Stored items from a collection:
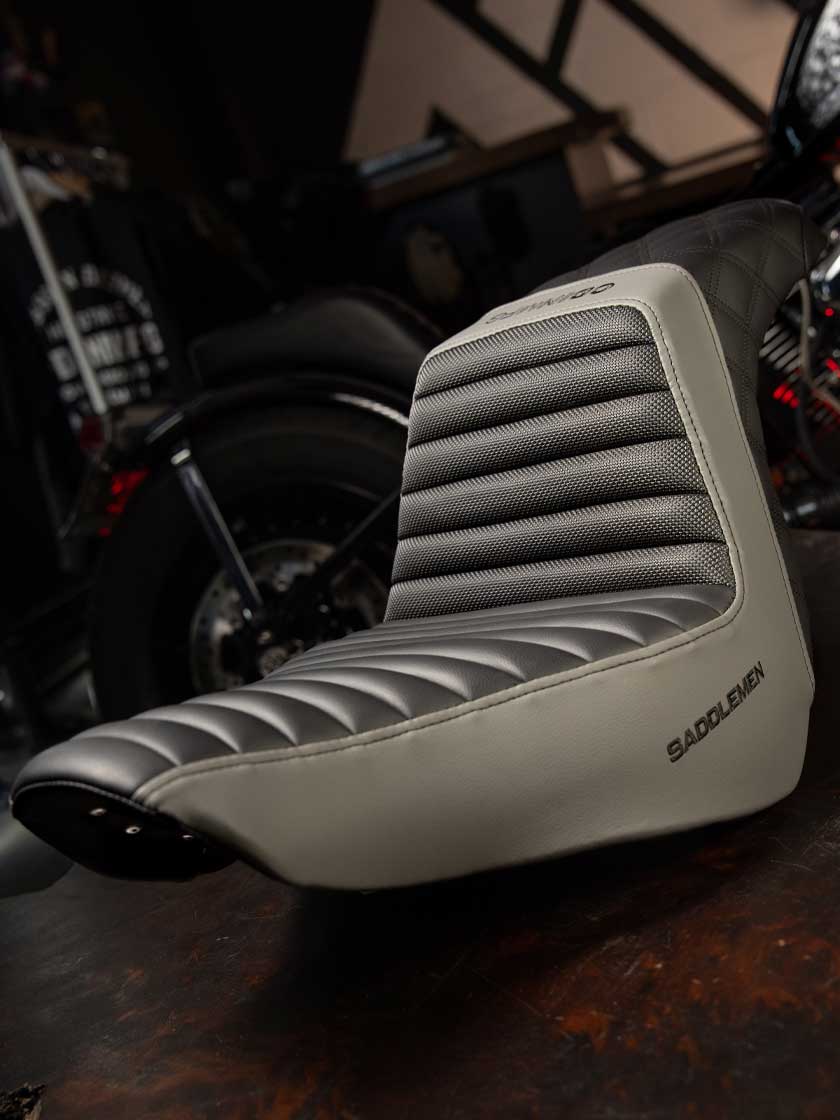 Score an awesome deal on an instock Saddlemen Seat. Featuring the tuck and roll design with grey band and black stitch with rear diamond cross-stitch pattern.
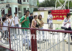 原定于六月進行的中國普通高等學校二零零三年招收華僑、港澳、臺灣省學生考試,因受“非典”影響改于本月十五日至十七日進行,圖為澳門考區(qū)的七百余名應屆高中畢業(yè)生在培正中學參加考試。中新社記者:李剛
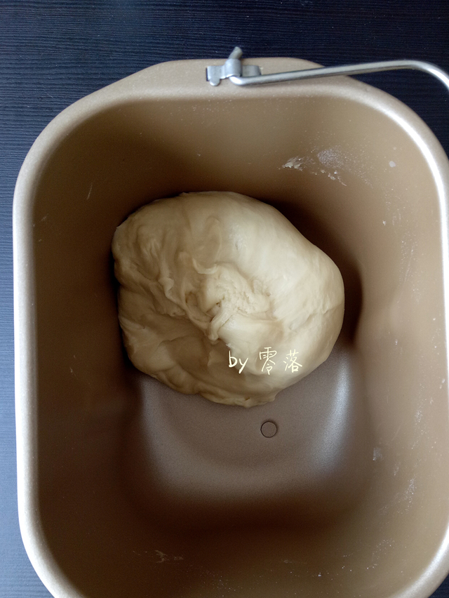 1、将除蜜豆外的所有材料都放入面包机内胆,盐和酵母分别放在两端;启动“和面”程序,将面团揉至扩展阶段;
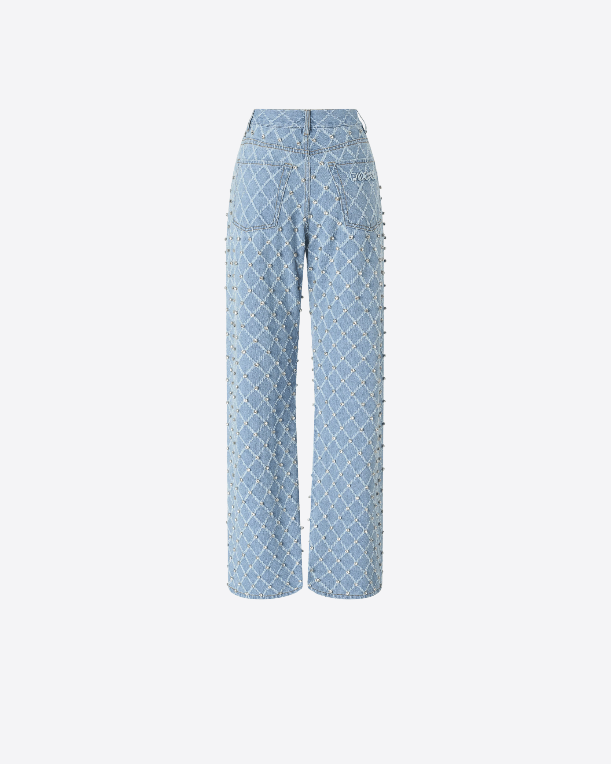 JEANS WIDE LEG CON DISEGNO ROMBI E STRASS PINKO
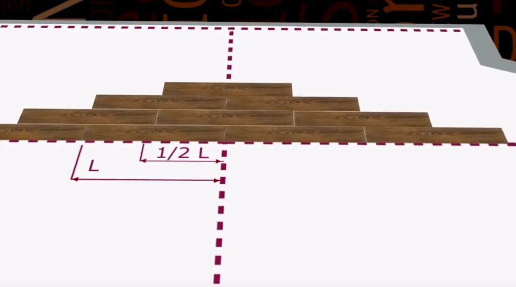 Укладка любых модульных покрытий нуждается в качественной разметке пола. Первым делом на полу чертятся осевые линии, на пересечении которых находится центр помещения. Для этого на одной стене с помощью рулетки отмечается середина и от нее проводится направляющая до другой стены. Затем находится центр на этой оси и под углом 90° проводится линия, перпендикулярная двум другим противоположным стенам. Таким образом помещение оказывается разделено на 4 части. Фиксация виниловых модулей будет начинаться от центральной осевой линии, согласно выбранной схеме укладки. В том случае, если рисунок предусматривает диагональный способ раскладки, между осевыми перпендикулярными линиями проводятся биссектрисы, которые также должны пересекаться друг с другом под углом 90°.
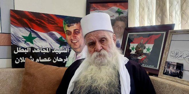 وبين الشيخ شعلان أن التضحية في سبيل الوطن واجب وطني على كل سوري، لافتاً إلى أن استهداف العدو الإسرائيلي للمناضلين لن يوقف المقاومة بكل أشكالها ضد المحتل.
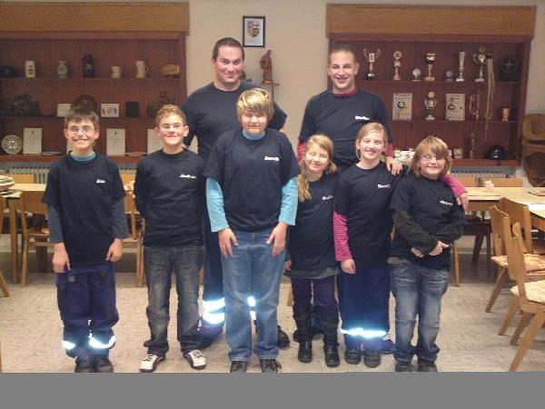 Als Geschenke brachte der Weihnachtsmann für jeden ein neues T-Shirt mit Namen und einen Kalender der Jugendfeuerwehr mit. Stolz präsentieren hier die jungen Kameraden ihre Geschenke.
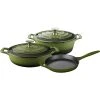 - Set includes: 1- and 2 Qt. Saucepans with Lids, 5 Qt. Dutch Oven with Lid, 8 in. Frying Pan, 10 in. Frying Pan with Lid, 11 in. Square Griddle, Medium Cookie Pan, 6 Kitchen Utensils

Task statement. Exactly as written, copy the entries above without their pictures.

Response below.
 Score an awesome deal on an instock Saddlemen Seat. Featuring the tuck and roll design with grey band and black stitch with rear diamond cross-stitch pattern.
 原定于六月進行的中國普通高等學校二零零三年招收華僑、港澳、臺灣省學生考試,因受“非典”影響改于本月十五日至十七日進行,圖為澳門考區(qū)的七百余名應屆高中畢業(yè)生在培正中學參加考試。中新社記者:李剛
 1、将除蜜豆外的所有材料都放入面包机内胆,盐和酵母分别放在两端;启动“和面”程序,将面团揉至扩展阶段;
 JEANS WIDE LEG CON DISEGNO ROMBI E STRASS PINKO
 Укладка любых модульных покрытий нуждается в качественной разметке пола. Первым делом на полу чертятся осевые линии, на пересечении которых находится центр помещения. Для этого на одной стене с помощью рулетки отмечается середина и от нее проводится направляющая до другой стены. Затем находится центр на этой оси и под углом 90° проводится линия, перпендикулярная двум другим противоположным стенам. Таким образом помещение оказывается разделено на 4 части. Фиксация виниловых модулей будет начинаться от центральной осевой линии, согласно выбранной схеме укладки. В том случае, если рисунок предусматривает диагональный способ раскладки, между осевыми перпендикулярными линиями проводятся биссектрисы, которые также должны пересекаться друг с другом под углом 90°.
 وبين الشيخ شعلان أن التضحية في سبيل الوطن واجب وطني على كل سوري، لافتاً إلى أن استهداف العدو الإسرائيلي للمناضلين لن يوقف المقاومة بكل أشكالها ضد المحتل.
 Als Geschenke brachte der Weihnachtsmann für jeden ein neues T-Shirt mit Namen und einen Kalender der Jugendfeuerwehr mit. Stolz präsentieren hier die jungen Kameraden ihre Geschenke.
 - Set includes: 1- and 2 Qt. Saucepans with Lids, 5 Qt. Dutch Oven with Lid, 8 in. Frying Pan, 10 in. Frying Pan with Lid, 11 in. Square Griddle, Medium Cookie Pan, 6 Kitchen Utensils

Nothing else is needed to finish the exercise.